Se você cruzar com Sergião Bianchi, diga que mando as melhores vibrações
(no caso de Sergião, será que ajudam?) para o filme dele. E cruzando com Wilson
Barros, diga que sinto saudade, que mando beijo.
Todo carinho do seu
Caio F.

PS — E pense em Dulce Veiga, antes que algum aventureiro lance mão!
Afinal — se é que você criou coragem e leu o livro — toda essa história é mais
nossa do que minha, não?
PS 2— Zu Val
E você, continua
Sensacional?
(Um hai-kai para Zuleika!)


Londres, 9 de março de 1991.

Guilherme, querido,
fiquei feliz com a sua carta. Pelo menos, quando vi o nome do remetente e
aquele logotipo do hotel de Calcutá (esse hotel rendeu, hein? Quantos envelopes
você pegou?). Depois, como dizem na Alemanha, fiquei melancolish. Pelo retrato que
você pinta do nosso país e que, eu sei, absolutamente não é injusto. Ainda mais do
ponto de vista de um cineasta. Compreendo. Se, digamos, o papel ficasse caríssimo
e as editoras simplesmente parassem de publicar — como eu me sentiria?
Provavelmente como você se sente.
Mas, anyway, oh Deus, tem a TERRA. Quando saí daí, saí gritando
“gentalha, gentalha!” em todas as direções (Marcos Breda, que me levou no
aeroporto, que o diga). Então vem o inverno, e a neve (as temperaturas do início de
fevereiro aqui foram literalmente siberianas), e essa gente fria, e essa língua. Me
veio vindo aos pouquinhos, não sei bem de onde, um amor tão desesperado pelo
Brasil. Desesperado é o adjetivo. A um ponto que, com aquele accent de João Gilberto,
a música que mais cantei aqui — baixinho, só para mim mesmo — nesse tempo
todo foi “isso aqui ôôô, é um pouquinho de Brasil iáiá”, quando via algo ou alguma
coisa que me lembrava o Brasil.
Eu não sei, estou aqui perdido — vim aqui para me perder um pouco, talvez
— mas vou chegando à conclusão (para mim, para os meus pobres botões, não
significa que isso possa se aplicar a outras pessoas) que um artista não pode/não
deve viver longe de sua terra. Falo bobagem. Se pensar em literatura — e Beckett,
que escreveu praticamente tudo na França, longe da Irlanda? e Cortázar, que foi
escrever em Paris? e Hitchcock, que foi filmar nos USA? Dizendo de outro jeito: eu
sinto que não poderia escrever longe do Brasil.
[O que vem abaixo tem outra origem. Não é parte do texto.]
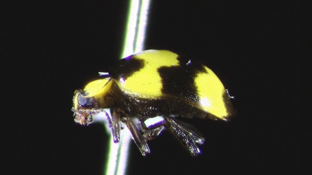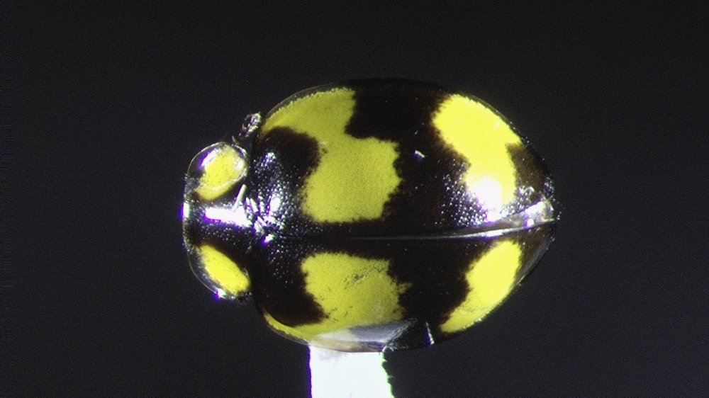 See Image 9 for specimen collection location. The Fungus-eating Ladybird (Illeis galbula) is a species of beetle in the family Coccinellidae. Adults are 4-5mm in size, while the larvae are between 8 and 10mm. Adults are black with bright yellow markings.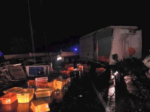 Сьогодні близько 01.00 год на дорозі Київ – Чоп у селі Козьова Сколівського району зіткнулися вантажівка з холодильною установкою BAS Trucks та фура «МАН».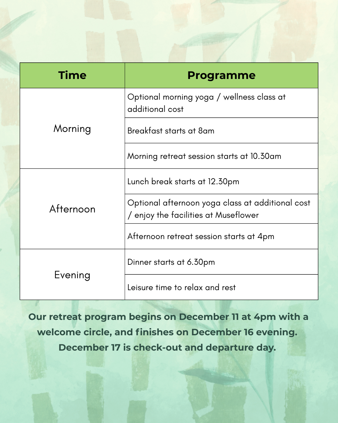 Should any of the facilitators have any emergencies and would need to postpone or cancel the retreat program, and replacements cannot be found, all deposits paid to Museflower Retreat & Spa will be refunded 100%.

Ou poderia, mas não teria aquilo que
esquenta a alma, e é indefinível, e que está na esquina da sua terra natal.
Tenho tanto para dizer. Queria falar com você. Tenho passado dias e dias
em silêncio, falando em inglês com Ray ou, uma ou duas vezes por semana em
português com a única amiga que tenho aqui, Patricia Masetti (é irmã do Mario,
aquele cara que faz teatro aí em SP). Puxei o time de um grupinho de brasileiros
daqueles que fazem feijoada e carnaval — são muito patéticos — e levei a fama de
“dificil”. Mas a solidão, ah a solidão — é outra solidão. Ter provado outra vez
desta solidão acho que me faz melhor. Ou mais humano, mais dolorido.
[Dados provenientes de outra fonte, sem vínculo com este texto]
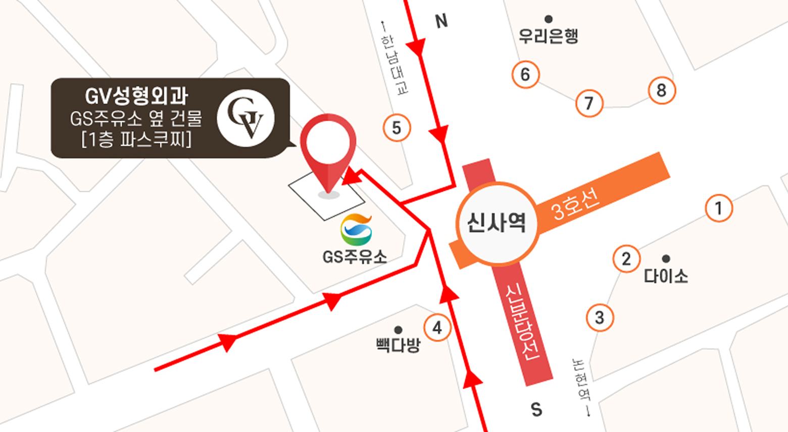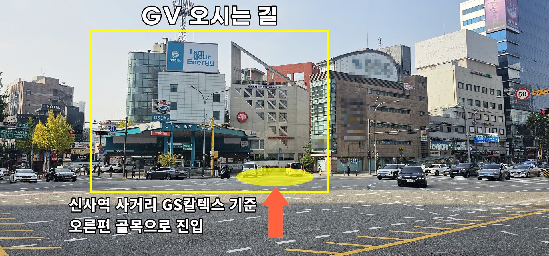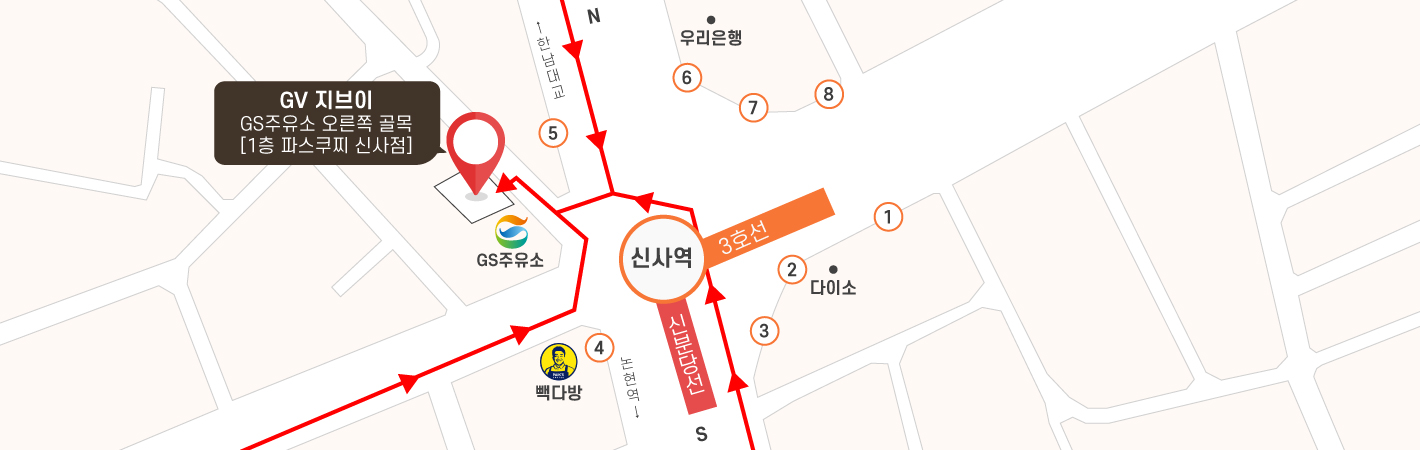GV는 신사역 GS칼텍스 주유소 오른편 골목에 위치하고 있습니다.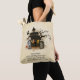 Ce sac amusant ou friandise a une photo d'Halloween de style vintage et poème dessus. Il y a une vieille maison branlante, une pierre tombale, un arbre effrayant et un truc ou un traiteur avec un costume squelette sur qui porte un seau citrouille. Les chauves-souris volent autour de la maison. Cela fera un tour si mignon ou un sac à gâter et peut être utilisé année après année. Il peut aussi servir de sac fourre-tout saisonnier pour la ville !

Hoje havia sol. Solzinho micho, para inglês ver, mas anyway sol. Saí a
caminhar, fui a Kennington, só para ver a casa onde morava Joe Orton. Acabei me
perdendo por um parque enorme que tem lá e dando na estação de metrô, uma das
mais antigas de Londres, onde o velho Orton caçava seus bofes. Quando o sol se
foi, resolvi me dar de presente um filme que ansiava há muito tempo: The confort of
strangers, de Paul Schrader; com o roteiro de Pinter e um Rupert Everett, mais
lasanha do que nunca. Doentíssimo. Na saída estava tão estonteado que fiquei
dando voltas em Leicester Square, o sábado à noite cheio de inglesinhos pêras e
indo ao cinema com suas namoradelhas. Ai, como tudo é igual. Parecia a Avenida
Paulista.
Tenho ido loucamente ao cinema. Descobri uma neo-zelandesa chamada
Jane Campion, vi Sweetie e An anel at my table — este é o melhor filme que vi em
Londres. E o finlandês Aki Kaurismaki, I hired a contract killer, cínico e bárbaro. E
uma retrospectiva de Samuel Fuller, que definitivamente me parece B demais. E um
alemão, The nasty girl, que lembra estranhamente um certo cinismo dos filmes do
Sergião Bianchi (que a esta altura deve estar na quarta equipe).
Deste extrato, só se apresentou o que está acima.